Bedford Avenue Entrances to Reopen at the Nostrand A/C, Elevators Coming Too

Originally published in The Bklyner on February 07, 2020.

Work has begun to reopen the Bedford Avenue entrances to the Nostrand Av A/C subway station that were closed some 30 years ago in response to high crime, MTA informed us yesterday. The station is also slated to receive elevators as part of the 2020-24 MTA capital plan to make it accessible.

This is not the first time the community has had to fight for the entrances to be reopened.

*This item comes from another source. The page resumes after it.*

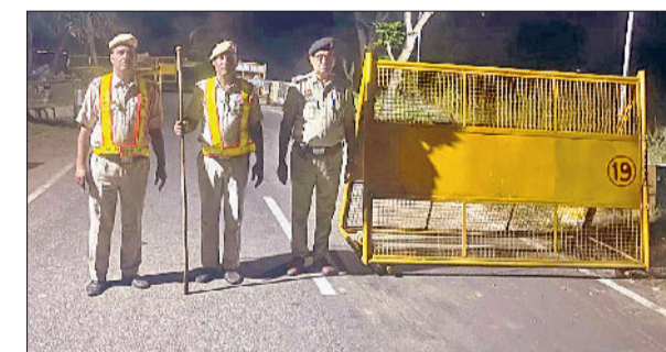
नारनौल। नाके पर तेनात पुलिसकर्मियों।

इस व्यापक अभियान के तहत जिले के प्रमुख मार्गों व विभिन्न

The Bedford Avenue entrances were opened for rush-hour commuters in 1950s, to ease overcrowding and provide easy access to Bedford Avenue. The community had advocated for over a decade to open the entrances that were constructed yet boarded up since the station was completed in 1936, papers reported at the time. By 1981, MTA listed the station as one of the most deteriorated in the system, the entrances were closed again soon after, and the passageway was closed as one of 15 across the city to following a horrific rape in 1991 at a Manhattan station.

Beverly Dolinsky, then director of the M.T.A.’s Permanent Citizens Advisory Council, an advocacy group representing subway and bus riders, told The New York Times in March of 1991 that the move would help increase the sense of safety.

“Although it may be inconvenient for some people to walk the long way around,” Ms. Dolinsky said, “I think most riders won’t mind because of the increased feeling of safety.”

Ebony, who has been using the station since she was in high school decades ago but did not wish to be photographed, remembers when the old Nostrand Avenue Station entrance on Bedford Avenue was still open. It was “awful,” she said. She remembers the old passageway which once connected the Fulton Street entrance with the Bedford Avenue entrance the MTA plans to reopen. It was a regular hangout for the homeless community, she said. 

“You’re raised here — you’re taught not to go in that way,” even though it was more convenient for her and her family at the time. It felt “sketchy,” and “dark,” she said.